Figure 1. Diabetic db/db mice show significant differences in ITT and GTT compared to non-diabetic db/m mice (A, B). However, there are no changes in ITT and GTT between vehicle-injected db/db mice and NS200-treated db/db mice (A, B). Values are expressed as mean ± SEM. *p < 0.05 db/m mice with vehicle vs db/db mice with vehicle, #p < 0.05 db/db mice with vehicle vs db/db mice with NS200
Table 2. Basic physical and biochemical parameters
Effects of spexin-based GALR2 agonist treatment on diabetic kidney disease
To evaluate the effects of spexin-based GALR2 agonist treatment on renal injury in type 2 diabetic mice, we examined the histological changes to determine the effect of spexin-based GALR2 agonist treatment on diabetic kidney disease. H&E and PAS staining were performed on the kidney tissue of the three groups. A shows representative histological findings in experimental mouse kidneys at the end of the study period. Diabetic db/db mouse kidneys exhibited more severe glomerulosclerosis and greater mesangial expansion than those of non-diabetic db/m controls. NS200 significantly improved glomerulosclerosis in db/db mice, as shown in (A and B). Next, we measured 24 h-urine albumin excretion, which was higher in db/db mice than in db/m controls. Consistent with the renal histological changes, NS200 significantly decreased urinary albumin excretion after 12 weeks (C). These results suggest that spexin-based GALR2 agonists may protect renal injury in diabetic kidney disease.

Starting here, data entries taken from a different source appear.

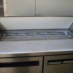 Comptoir de préparation réfrigéré grande capacité avec zone gastronorme. Extérieur et couvercle isolant en acier inoxydable. Contrôle entièrement automatique et affichage numérique constant. Fourni avec 2 grandes étagères (425mm x 538mm).
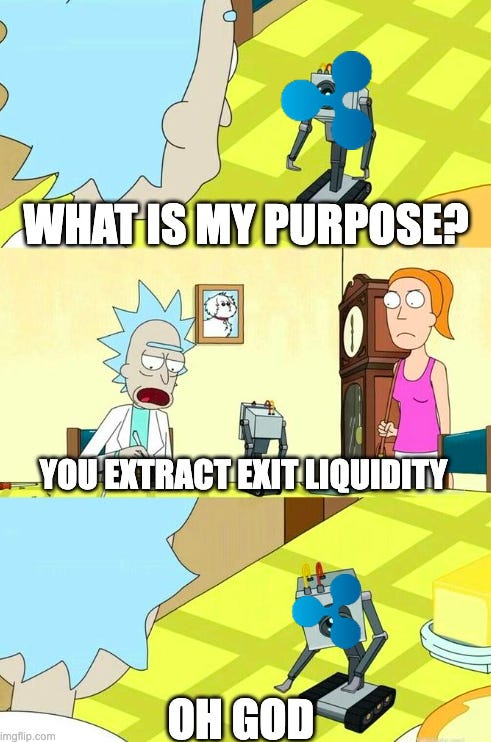 In other words, XRP only exists to create exit liquidity for insiders. It’s entire purpose is to transfer wealth from retail investors to Ripple Labs and the people and organizations Ripple Labs wants to pay.
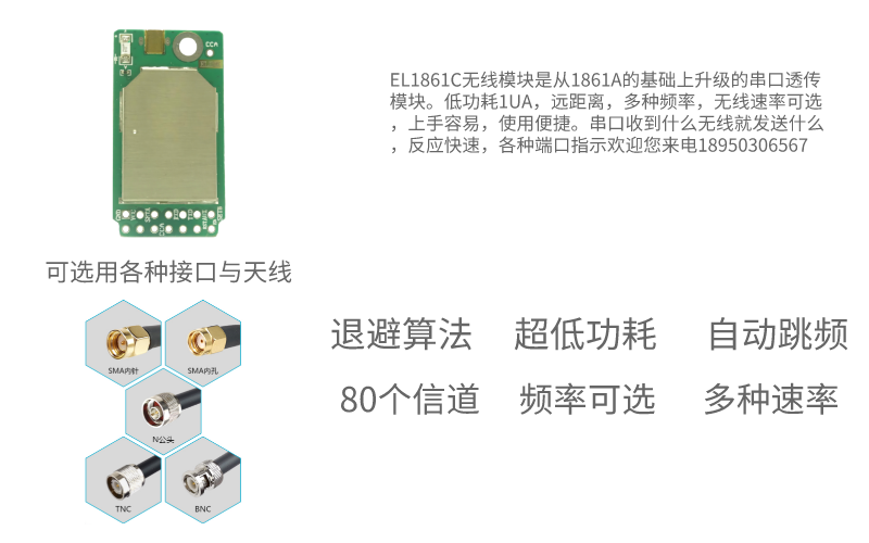 EL-1861C具有尺寸小,功率大,靈敏度高,傳輸距離遠(yuǎn),通訊數(shù)率高,在無線速率2.4kbps下通訊距離空曠地可達(dá)3500米.內(nèi)部自動完成通訊協(xié)議轉(zhuǎn)換和數(shù)據(jù)收發(fā)控制等特點(diǎn)。

Figure 2. The kidneys of diabetic db/db mice exhibit more severe glomerulosclerosis than in non-diabetic db/m mice (A, B). NS200 improves glomerulosclerosis in diabetic db/db mice (A, B). Urinary albumin excretion is higher in diabetic db/db mice than in non-diabetic db/m. NS200 decreases urinary albumin excretion after 12 weeks of treatment (C). H&E, Hematoxylin and eosin; PAS, Periodic acid- Schiff. Values are expressed as mean ± SEM. *p < 0.05 db/m mice with vehicle vs db/db mice with vehicle, **p < 0.01 db/m mice with vehicle vs db/db mice with vehicle,***p < 0.001 db/m mice with vehicle vs db/db mice with vehicle, #p < 0.05 db/db mice with vehicle vs db/db mice with NS200, ### p < 0.001 db/db mice with vehicle vs db/db mice with NS200
Role of spexin-based GALR2 agonist in molecular changes of diabetic kidney disease
Subsequently, we investigated changes in profibrotic and proinflammatory molecules in diabetic kidney disease. When TGFβ1, type IV collagen, and ED1 protein syntheses were compared, we found an increase in their expression in diabetic db/db mouse kidneys, but these changes were decreased by NS200, as shown in . We also assessed the expression of proteins associated with insulin signaling, including PI3 K, AKT, ERK, and p38. PI3 K and p-ERK were significantly activated in db/db mouse kidneys, and these changes were inhibited by NS200 (). p-AKT activation showed a tendency to increase in db/db mouse kidneys and decrease following NS200 treatment. However, p-p38 and p38 protein expression levels did not change in any of the three groups. Our results suggest that the protective mechanism of a spexin-based GALR2 agonist in diabetic nephropathy are associated with the renal PI3 K/AKT/ERK and TGFβ1 pathway.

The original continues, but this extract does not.